_What you are asked to do_
Omit all pictures, then retype the data exactly as given.

_Material provided_
===============

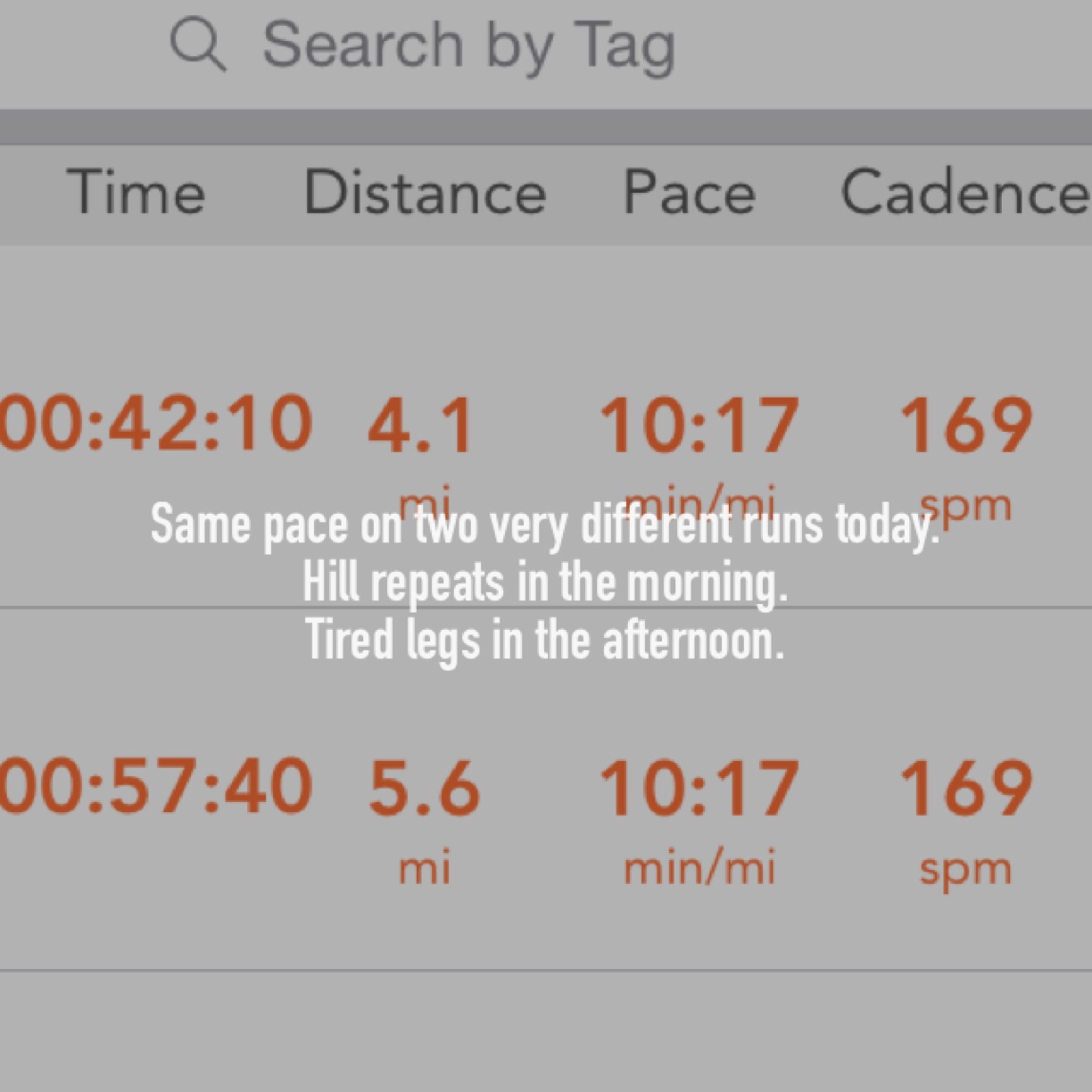 The run right below it was my morning hill repeats run. I thought it was interesting that the average pace over both runs was the same.
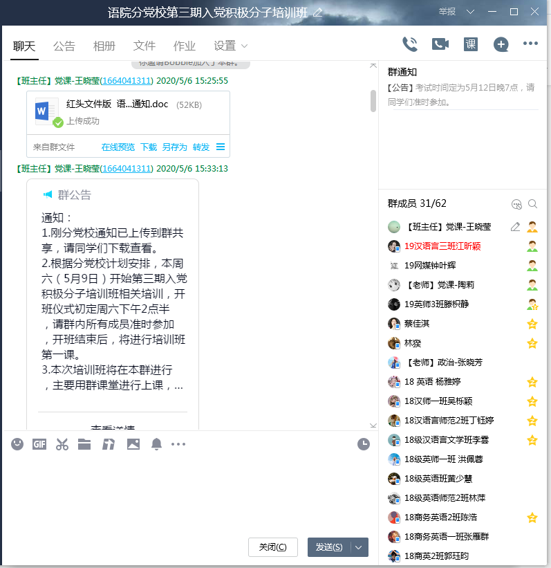 2020年5月9日下午3点,yh1122银河国际分党校以线上QQ直播形式举办了宁德师范学院党校yh1122银河国际分党校第三期入党积极分子培训班开班仪式。参加此次开班仪式有学院党委书记张晓芳,党委副书记陶莉,党委秘书王晓莹,学生党支部书记林猤、祁燕苹、徐晓春以及本期参训的57名入党积极分子。本次开班仪式由学院党委副书记陶莉主持。
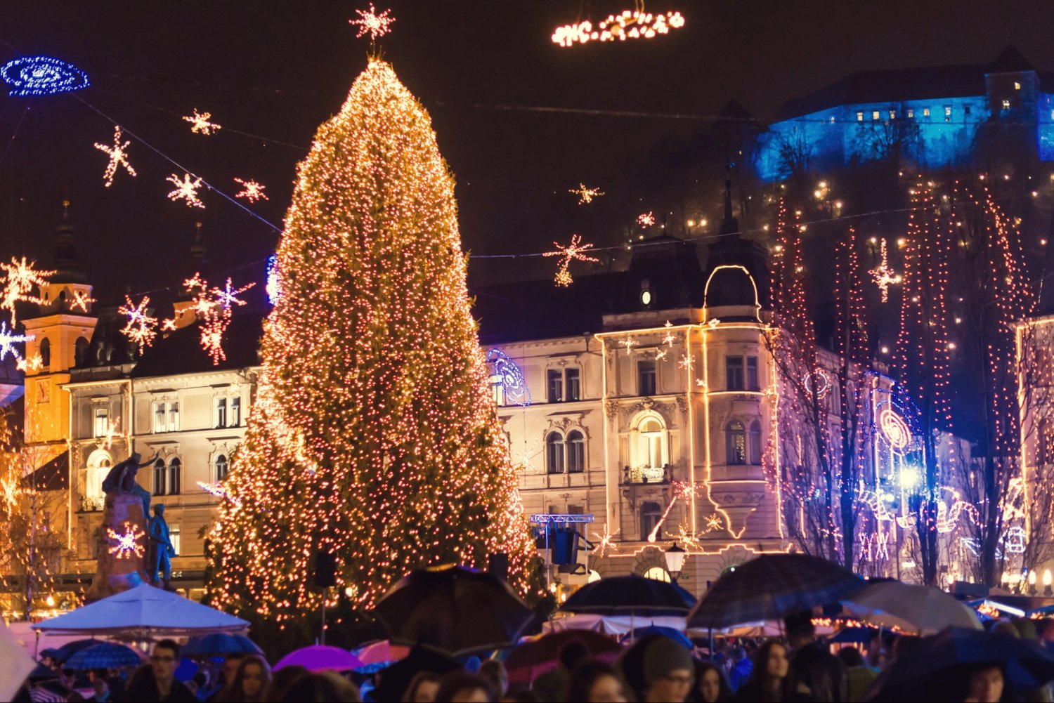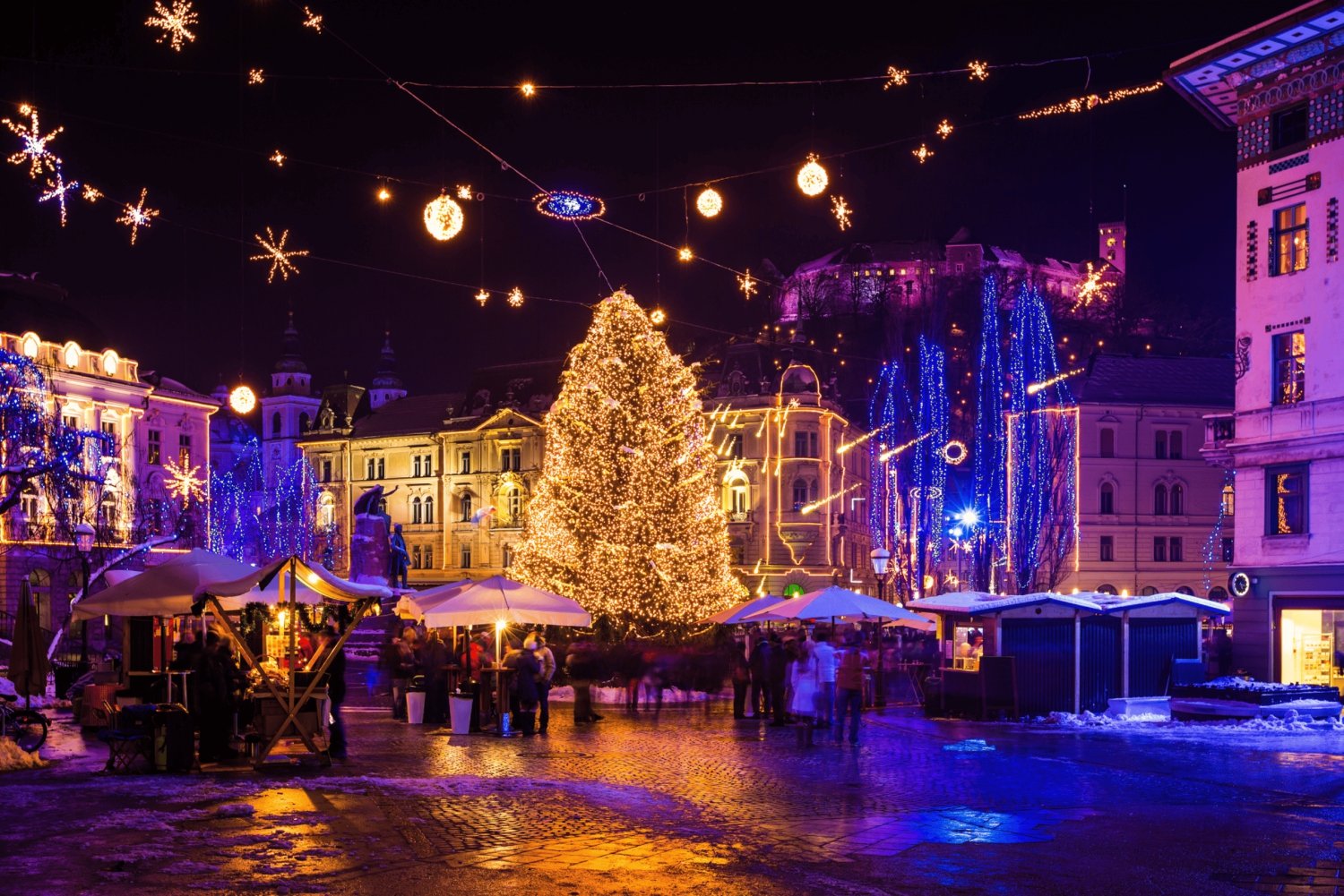 スロベニアの首都を訪れ、クリスマスマーケット、イルミネーション、伝統に包まれたクリスマスの魔法に包まれてください

===============

_Result for this task_
 The run right below it was my morning hill repeats run. I thought it was interesting that the average pace over both runs was the same.
 2020年5月9日下午3点,yh1122银河国际分党校以线上QQ直播形式举办了宁德师范学院党校yh1122银河国际分党校第三期入党积极分子培训班开班仪式。参加此次开班仪式有学院党委书记张晓芳,党委副书记陶莉,党委秘书王晓莹,学生党支部书记林猤、祁燕苹、徐晓春以及本期参训的57名入党积极分子。本次开班仪式由学院党委副书记陶莉主持。
 スロベニアの首都を訪れ、クリスマスマーケット、イルミネーション、伝統に包まれたクリスマスの魔法に包まれてください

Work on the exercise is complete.